- The problem
Starting from the line containing "活动伊始,全体起立,奏唱国歌,随后,全体师生共同观看伟徳官网新生军训纪录片。", give again every line through the end of the entries, word for word. Pictures stay out of the copy.

=== Available data ===

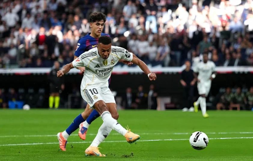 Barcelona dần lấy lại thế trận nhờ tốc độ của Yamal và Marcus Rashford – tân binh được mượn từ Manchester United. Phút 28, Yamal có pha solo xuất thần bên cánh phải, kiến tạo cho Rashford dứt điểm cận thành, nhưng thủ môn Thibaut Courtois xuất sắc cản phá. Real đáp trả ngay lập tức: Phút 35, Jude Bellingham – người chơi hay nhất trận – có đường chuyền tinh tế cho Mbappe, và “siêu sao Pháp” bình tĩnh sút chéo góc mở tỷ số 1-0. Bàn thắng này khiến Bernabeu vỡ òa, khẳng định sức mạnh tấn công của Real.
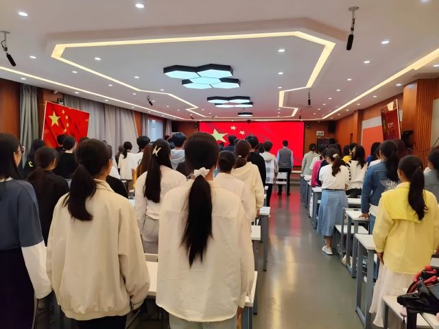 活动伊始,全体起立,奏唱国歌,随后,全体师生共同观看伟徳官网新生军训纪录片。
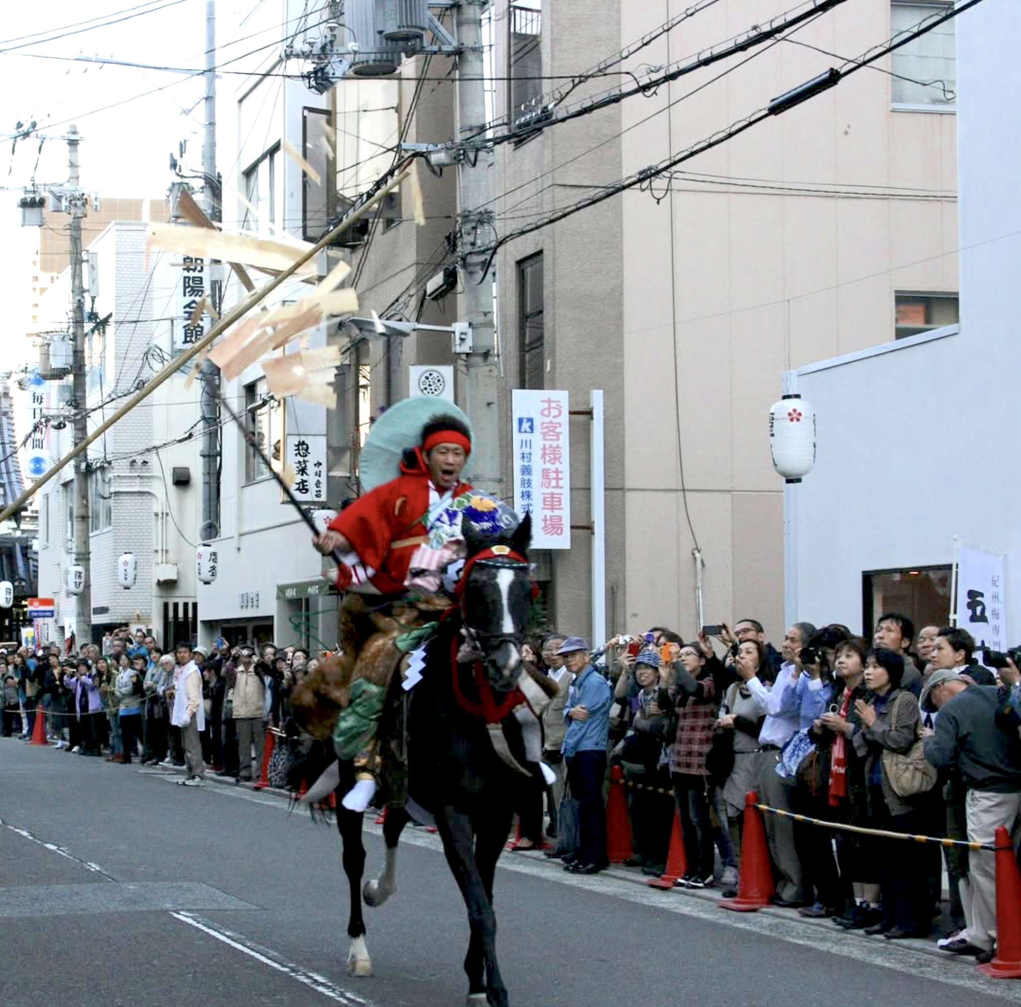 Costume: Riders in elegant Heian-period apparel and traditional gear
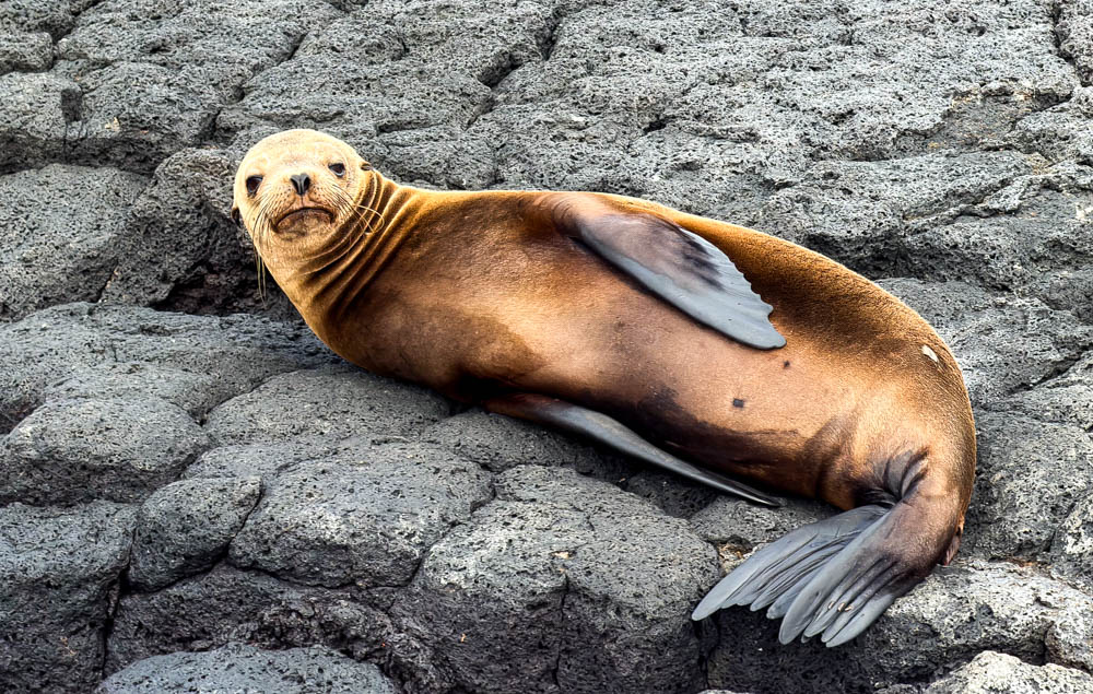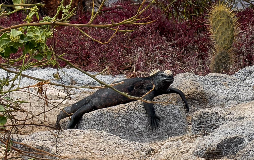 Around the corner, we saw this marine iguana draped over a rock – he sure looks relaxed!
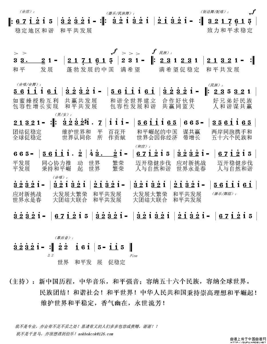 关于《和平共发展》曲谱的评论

===

- Answer to the problem
 活动伊始,全体起立,奏唱国歌,随后,全体师生共同观看伟徳官网新生军训纪录片。
 Costume: Riders in elegant Heian-period apparel and traditional gear
 Around the corner, we saw this marine iguana draped over a rock – he sure looks relaxed!
 关于《和平共发展》曲谱的评论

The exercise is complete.